_Problem details_
Everything from the line holding "- How the main" to the end of the listing below should be copied exactly, line for line, minus the pictures.

::::

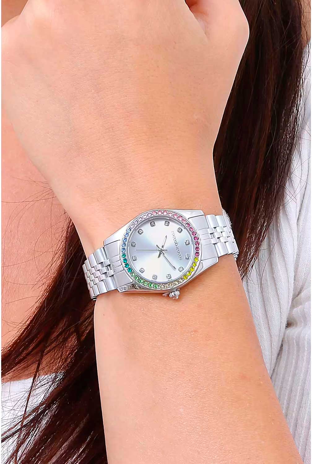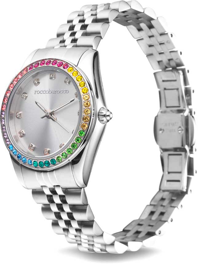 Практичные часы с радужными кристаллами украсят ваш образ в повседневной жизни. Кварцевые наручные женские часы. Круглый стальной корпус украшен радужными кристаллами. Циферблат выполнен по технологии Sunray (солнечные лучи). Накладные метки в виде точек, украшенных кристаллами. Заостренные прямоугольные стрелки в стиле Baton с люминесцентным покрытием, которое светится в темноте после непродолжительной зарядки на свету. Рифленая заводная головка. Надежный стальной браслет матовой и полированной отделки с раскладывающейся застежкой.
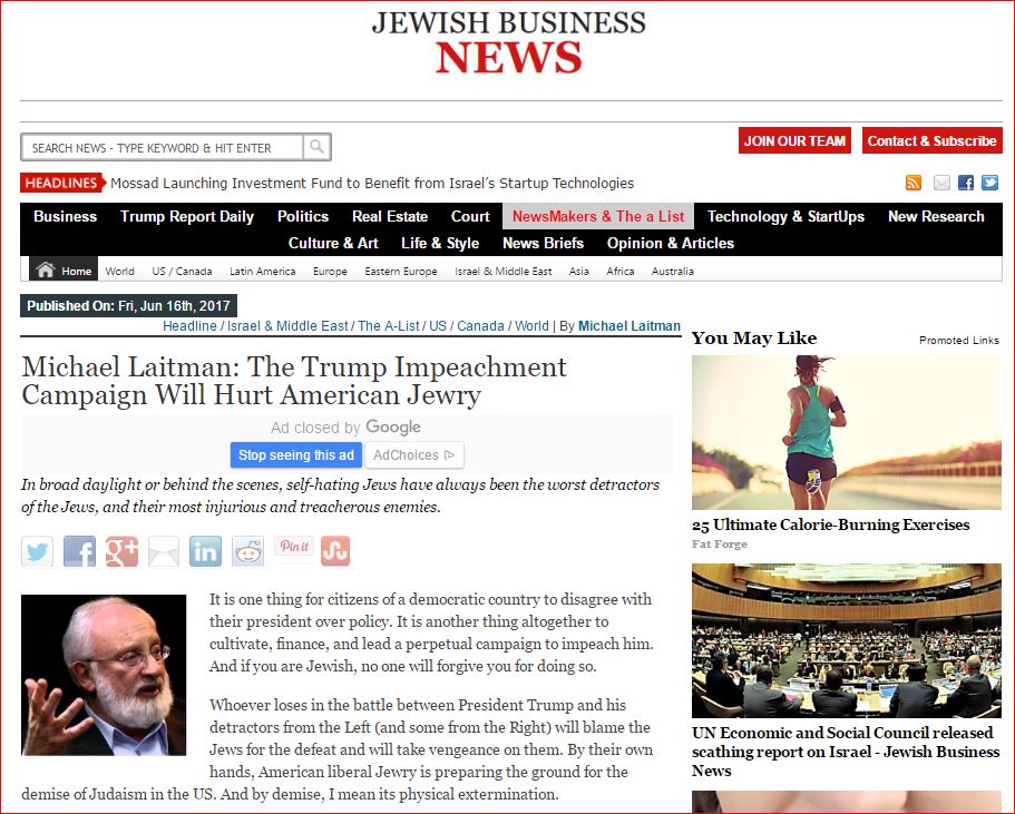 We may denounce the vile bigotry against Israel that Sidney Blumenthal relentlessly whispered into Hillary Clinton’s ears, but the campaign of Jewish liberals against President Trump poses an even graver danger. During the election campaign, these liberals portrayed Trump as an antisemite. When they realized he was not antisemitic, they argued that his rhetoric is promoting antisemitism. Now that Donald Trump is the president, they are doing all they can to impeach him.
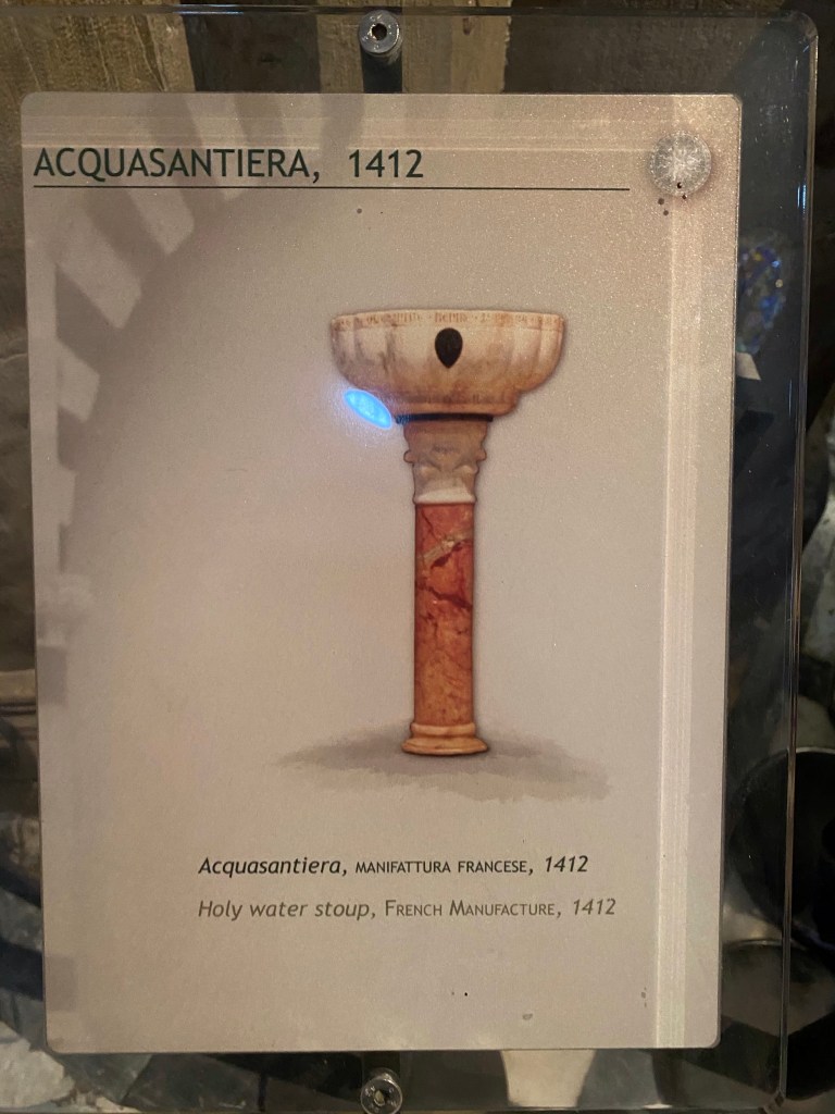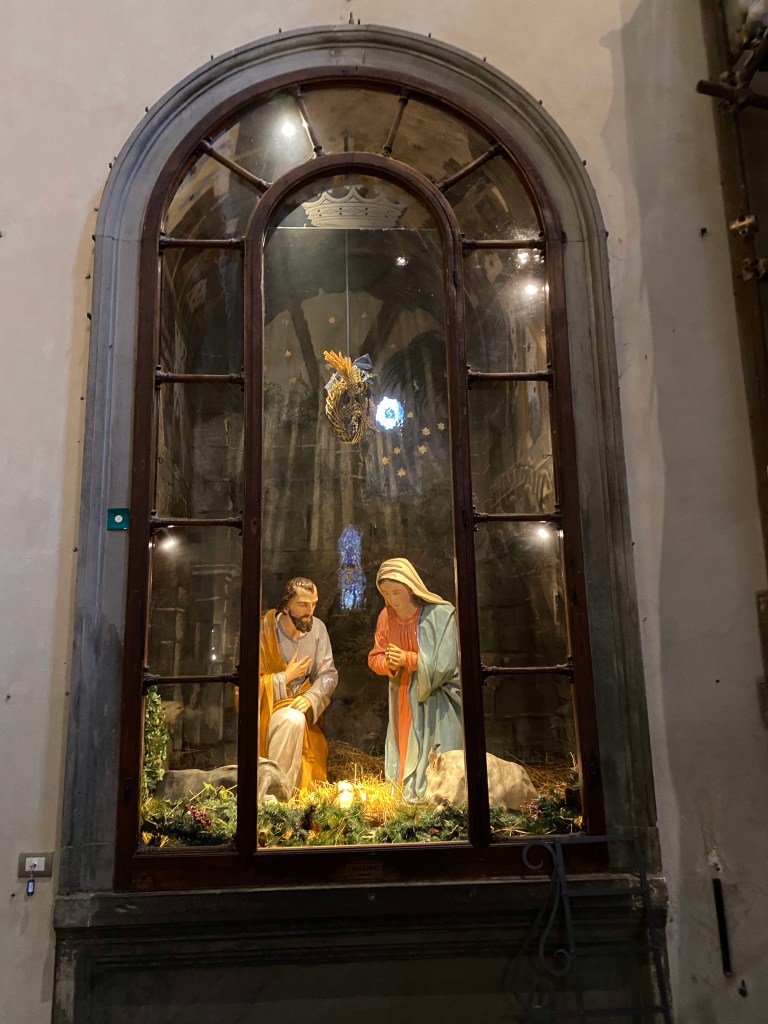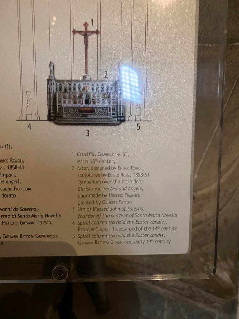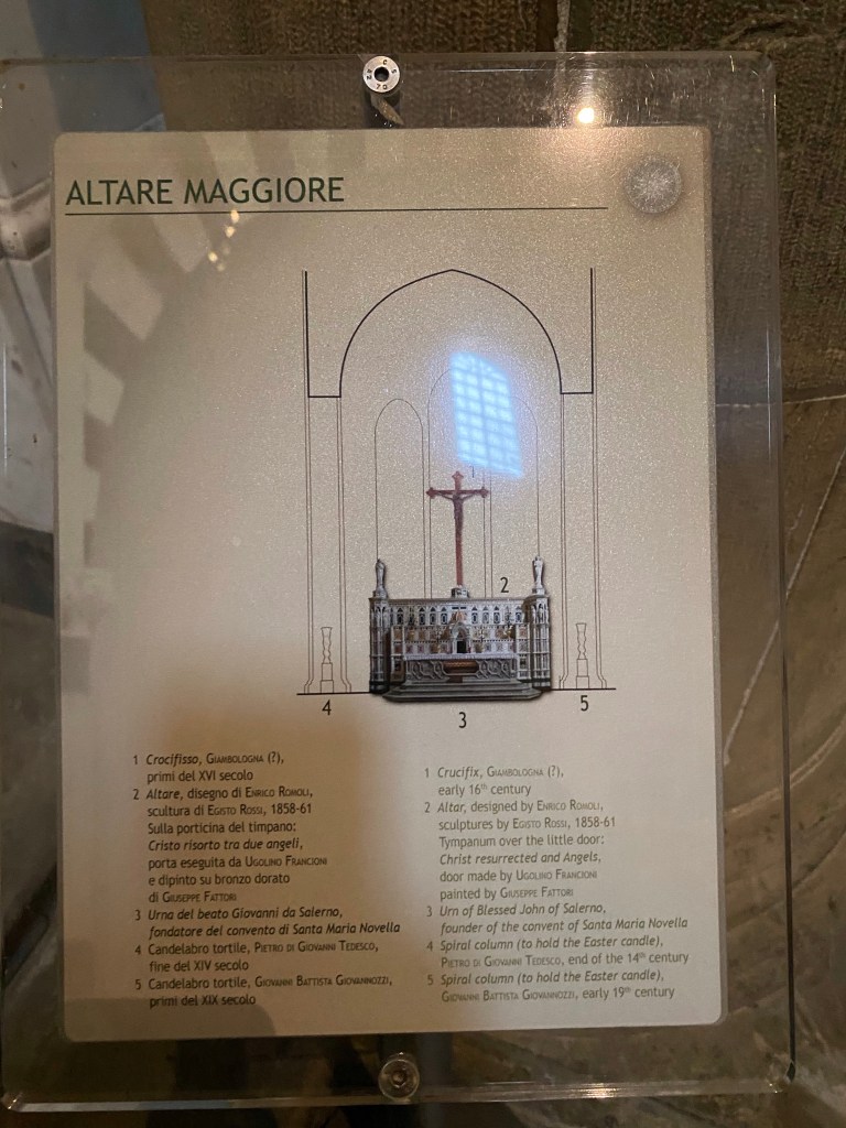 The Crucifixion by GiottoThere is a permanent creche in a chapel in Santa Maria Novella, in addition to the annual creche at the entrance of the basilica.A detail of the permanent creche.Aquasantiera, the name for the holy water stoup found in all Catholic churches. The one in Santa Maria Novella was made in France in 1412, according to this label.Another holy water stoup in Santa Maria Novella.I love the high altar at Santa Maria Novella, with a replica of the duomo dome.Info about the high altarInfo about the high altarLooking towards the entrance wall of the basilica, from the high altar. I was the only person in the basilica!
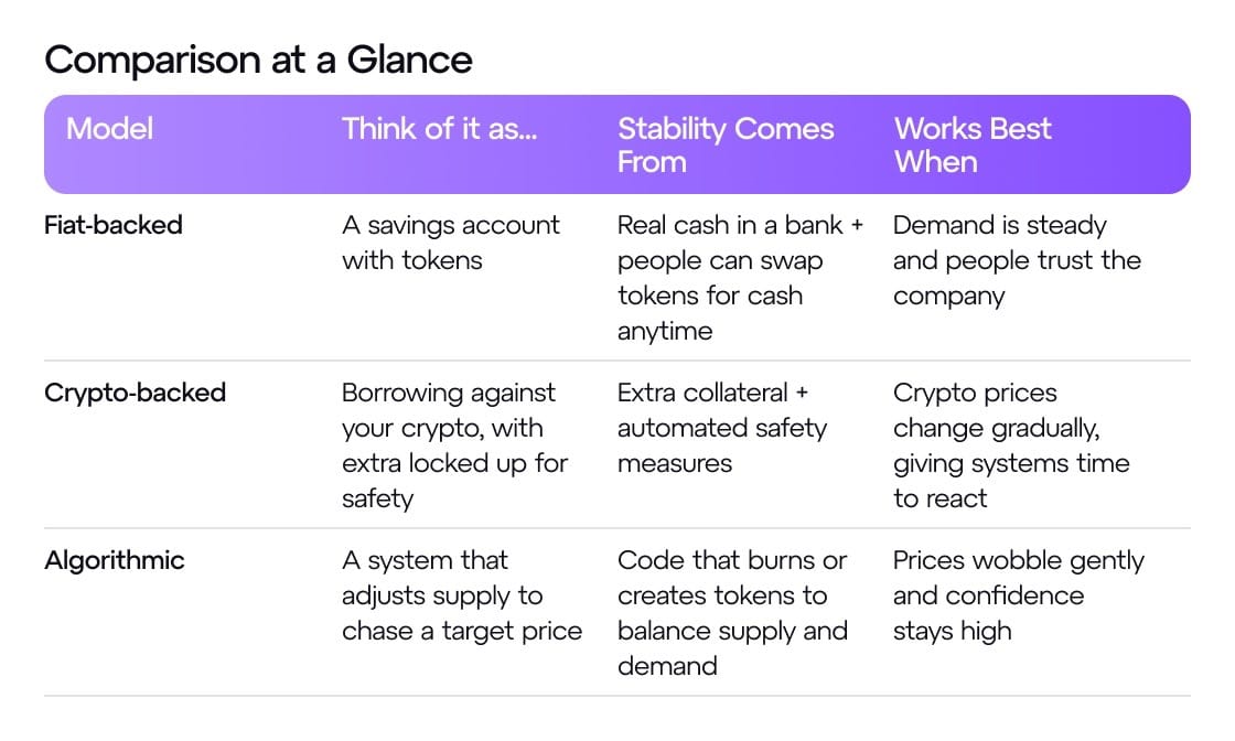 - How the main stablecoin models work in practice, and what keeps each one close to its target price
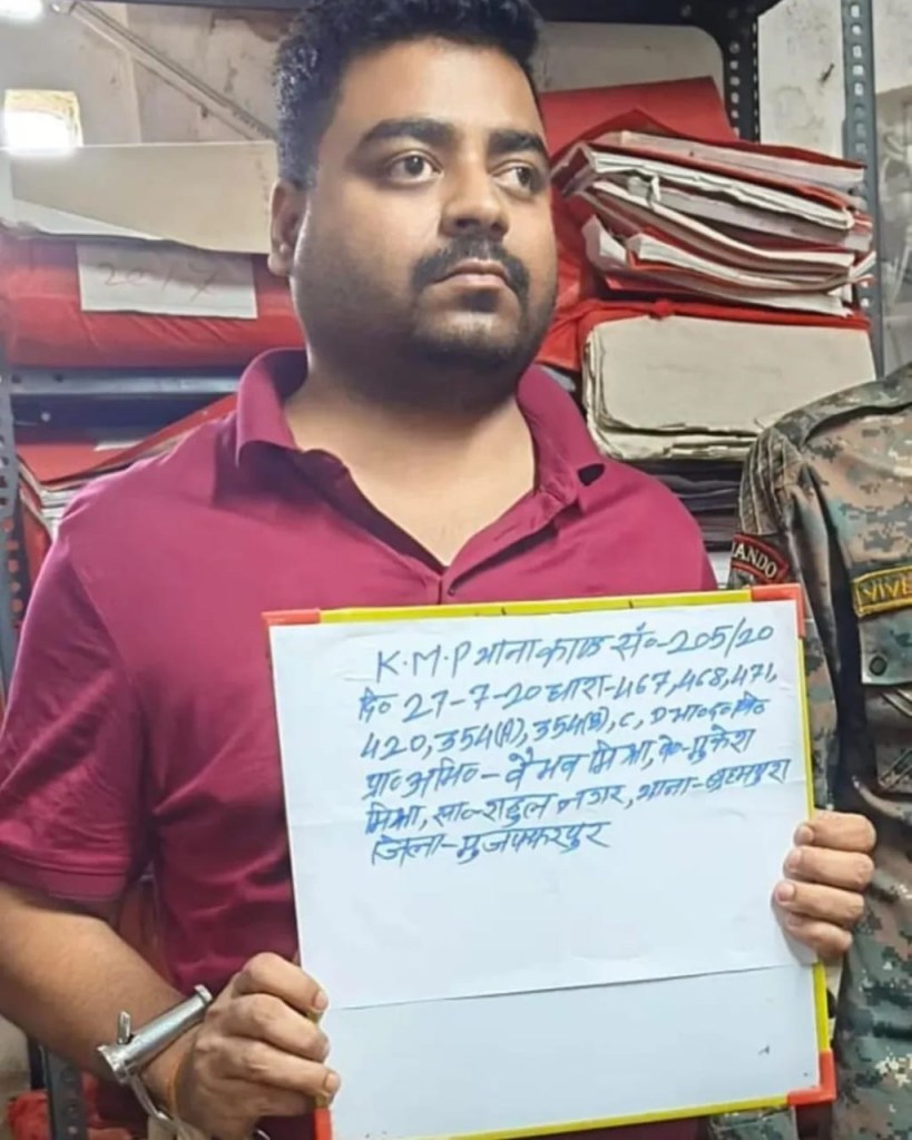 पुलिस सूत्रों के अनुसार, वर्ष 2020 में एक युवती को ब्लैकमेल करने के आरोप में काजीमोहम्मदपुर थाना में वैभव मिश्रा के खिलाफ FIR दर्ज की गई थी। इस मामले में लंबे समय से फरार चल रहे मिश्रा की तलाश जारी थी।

::::

_Written answer_
 - How the main stablecoin models work in practice, and what keeps each one close to its target price
 पुलिस सूत्रों के अनुसार, वर्ष 2020 में एक युवती को ब्लैकमेल करने के आरोप में काजीमोहम्मदपुर थाना में वैभव मिश्रा के खिलाफ FIR दर्ज की गई थी। इस मामले में लंबे समय से फरार चल रहे मिश्रा की तलाश जारी थी।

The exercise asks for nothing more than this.